ART. 3. It is agreed that the articles enumerated in the schedule hereunto annexed, being the growth and produce of the aforesaid British Colonies or of the United States, shall be admitted into each, country respectively free of duty:—

SCHEDULE.

Grain, flour and breadstuffs of all kinds.
Animals of all kinds.
Fresh, smoked, and salted meats.
Cotton-wool, seeds, and vegetables.
Undried fruits, dried fruits.
Fish of all kinds.
Products of fish, and all other creatures living in the water.
Poultry, eggs.
Hides, furs, skins, or tails, undressed.
Stone or marble, in its crude or unwrought state.
Slate.
Butter, cheese, tallow.
Lard, horns, manures.
Ores of metals of all kinds.
Coal.
Pitch, tar, turpentine, ashes.
Timber and lumber of all kinds, round, hewed and sawed, unmanufactured,
in whole or in part.
Firewood.
Plants, shrubs, and trees.
Pelts, wool.
Fish oil.
Rice, broom-corn, and bark.
Gypsum, ground or unground.
Hewn or wrought or unwrought burr or grindstones.
Dye-stuffs.
Flax, hemp, and tow, unmanufactured.
Unmanufactured tobacco.
Rags.

ART. 4. It is agreed that the citizens and inhabitants of the United States shall have the right to navigate the river St.

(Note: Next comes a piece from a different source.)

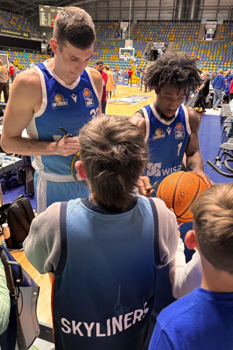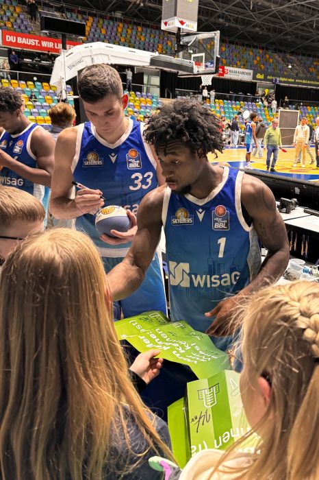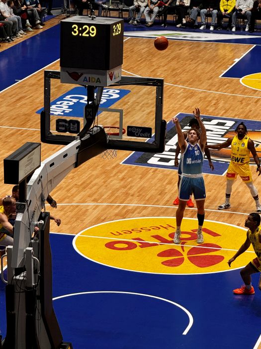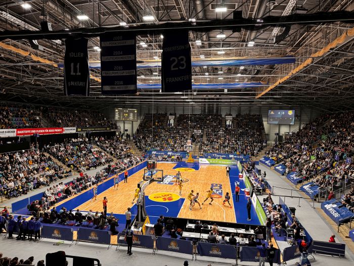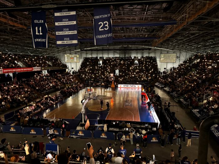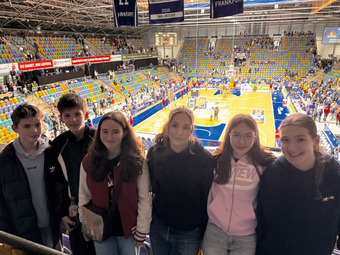 Rund 80 Mitglieder unserer Schulfamilie erlebten am Sonntag ein tolles und bis zur letzten Spielminute spannendes Basketballspiel. Dank vieler Freikarten und einer großen Anzahl günstiger Tickets besuchten wir das Bundesligaspiel der Frankfurt Skyliners gegen die EWE Baskets Oldenburg. Trotz lautstarker Anfeuerungen der Fans mussten sich die Skyliners am Ende leider mit 71:79 geschlagen geben. Für uns war es dennoch ein tolles Erlebnis, im Fanblock der Heimmannschaft die besondere Atmosphäre hautnah und live erleben zu dürfen.

Lawrence, and the canals in Canada, used as the means of communicating between the great lakes and the Atlantic Ocean, with their vessels, boats, and crafts, as fully and freely as the subjects of Her Britannic Majesty, subject only to the same tolls and other assessments as now are or may hereafter be exacted of Her Majesty's said subjects; it being understood, however, that the British Government retains the right of suspending this privilege on giving due notice thereof to the Government of the United States.

It is further agreed that, if at any time the British Government should exercise the said reserved right, the Government of the United States shall have the right of suspending, if it think fit, the operation of article three of the present treaty, in so far as the Province of Canada is affected thereby, for so long as the suspension of the free navigation of the river St. Lawrence or the canals may continue.

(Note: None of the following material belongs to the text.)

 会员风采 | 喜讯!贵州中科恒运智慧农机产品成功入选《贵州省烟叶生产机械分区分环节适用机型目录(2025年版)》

It is further agreed that British subjects shall have the right freely to navigate Lake Michigan with their vessels, boats, and crafts, so long as the privilege of navigating the river St. Lawrence, secured to American citizens by the above clause of the present article, shall continue; and the Government of the United States further engages to urge upon the State Governments to secure to the subjects of Her Britannic Majesty the use of the several State canals on terms of equality with the inhabitants of the United States.

And it is further agreed that no export duty or other duty shall be levied on lumber or timber of any kind cut on that portion of the American territory in the State of Maine watered by the river St. John and its tributaries, and floated down that river to the sea, when the same is shipped to the United States from the Province of New Brunswick.

ART. 5. The present treaty shall take effect as soon as the laws required to carry it into operation shall have been passed by the Imperial Parliament of Great Britain and by the Provincial Parliaments of those of the British North American Colonies which are affected by this treaty on the one hand, and by the Congress of the United States on the other. Such assent having been given, the treaty shall remain in force for ten years from the date at which it may come into operation, and further, until the expiration of twelve months after either of the high contracting parties shall give notice to the other of its wish to terminate the same; each of the high contracting parties being at liberty to give such notice to the other at the end of the said term of ten years, or at any time afterwards:

It is clearly understood, however, that this stipulation is not intended to affect the reservation made by article four of the present treaty, with regard to the right of temporarily suspending the operation of articles three and four thereof.

ART. 6. And it is further hereby agreed that the provisions and stipulations of the foregoing articles shall extend to the Island of Newfoundland, so far as they are applicable to that colony. But if the Imperial Parliament, the Provincial Parliament of Newfoundland, or the Congress of the United States shall not embrace in their laws, enacted for carrying this treaty into effect, the Colony of Newfoundland, then this article shall be of no effect; but the omission to make provision by law to give it effect, by either of the legislative bodies aforesaid, shall not in any way impair the remaining articles of this treaty.